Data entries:
+++
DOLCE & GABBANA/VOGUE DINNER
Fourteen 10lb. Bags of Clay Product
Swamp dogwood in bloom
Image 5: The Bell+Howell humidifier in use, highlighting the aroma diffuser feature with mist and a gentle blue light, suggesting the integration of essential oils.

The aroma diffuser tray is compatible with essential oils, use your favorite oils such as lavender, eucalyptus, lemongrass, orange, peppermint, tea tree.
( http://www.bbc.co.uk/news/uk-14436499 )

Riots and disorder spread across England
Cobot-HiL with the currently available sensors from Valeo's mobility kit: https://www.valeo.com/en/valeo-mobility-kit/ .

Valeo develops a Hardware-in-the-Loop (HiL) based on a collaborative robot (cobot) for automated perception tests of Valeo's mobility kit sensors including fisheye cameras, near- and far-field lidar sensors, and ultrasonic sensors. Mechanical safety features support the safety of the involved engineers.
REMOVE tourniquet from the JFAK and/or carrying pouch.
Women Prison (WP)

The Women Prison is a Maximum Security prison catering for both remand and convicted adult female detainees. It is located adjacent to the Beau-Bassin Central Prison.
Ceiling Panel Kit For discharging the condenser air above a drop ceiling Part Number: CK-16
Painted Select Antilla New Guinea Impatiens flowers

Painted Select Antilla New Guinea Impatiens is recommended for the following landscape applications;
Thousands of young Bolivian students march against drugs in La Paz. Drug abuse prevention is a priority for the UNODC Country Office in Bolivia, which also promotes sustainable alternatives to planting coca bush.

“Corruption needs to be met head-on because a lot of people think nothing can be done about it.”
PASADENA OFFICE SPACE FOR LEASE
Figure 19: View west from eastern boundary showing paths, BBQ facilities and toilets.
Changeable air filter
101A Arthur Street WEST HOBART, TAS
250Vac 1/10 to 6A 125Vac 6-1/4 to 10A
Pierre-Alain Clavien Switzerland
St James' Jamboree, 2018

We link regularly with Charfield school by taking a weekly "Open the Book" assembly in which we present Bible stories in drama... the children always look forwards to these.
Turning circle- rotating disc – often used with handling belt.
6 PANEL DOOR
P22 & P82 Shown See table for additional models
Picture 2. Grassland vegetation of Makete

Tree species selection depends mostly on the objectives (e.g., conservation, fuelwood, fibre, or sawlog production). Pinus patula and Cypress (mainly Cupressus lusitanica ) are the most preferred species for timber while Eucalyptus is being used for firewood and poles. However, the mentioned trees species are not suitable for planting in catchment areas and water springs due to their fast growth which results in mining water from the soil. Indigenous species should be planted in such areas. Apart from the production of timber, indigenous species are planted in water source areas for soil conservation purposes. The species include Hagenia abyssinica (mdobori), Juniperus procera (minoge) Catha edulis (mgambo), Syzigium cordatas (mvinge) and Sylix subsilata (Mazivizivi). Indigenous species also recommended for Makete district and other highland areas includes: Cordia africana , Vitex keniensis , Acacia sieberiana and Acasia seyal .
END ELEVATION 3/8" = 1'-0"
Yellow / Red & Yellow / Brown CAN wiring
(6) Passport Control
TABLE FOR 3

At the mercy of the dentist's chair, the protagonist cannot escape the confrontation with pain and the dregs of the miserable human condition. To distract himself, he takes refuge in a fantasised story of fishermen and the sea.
+++
▸ **WHAT NEEDS TO BE DONE**
Where a line in the records above contains the word "from", copy that line.

▸ **REPLY**
Cobot-HiL with the currently available sensors from Valeo's mobility kit: https://www.valeo.com/en/valeo-mobility-kit/ .
REMOVE tourniquet from the JFAK and/or carrying pouch.
Figure 19: View west from eastern boundary showing paths, BBQ facilities and toilets.
Tree species selection depends mostly on the objectives (e.g., conservation, fuelwood, fibre, or sawlog production). Pinus patula and Cypress (mainly Cupressus lusitanica ) are the most preferred species for timber while Eucalyptus is being used for firewood and poles. However, the mentioned trees species are not suitable for planting in catchment areas and water springs due to their fast growth which results in mining water from the soil. Indigenous species should be planted in such areas. Apart from the production of timber, indigenous species are planted in water source areas for soil conservation purposes. The species include Hagenia abyssinica (mdobori), Juniperus procera (minoge) Catha edulis (mgambo), Syzigium cordatas (mvinge) and Sylix subsilata (Mazivizivi). Indigenous species also recommended for Makete district and other highland areas includes: Cordia africana , Vitex keniensis , Acacia sieberiana and Acasia seyal .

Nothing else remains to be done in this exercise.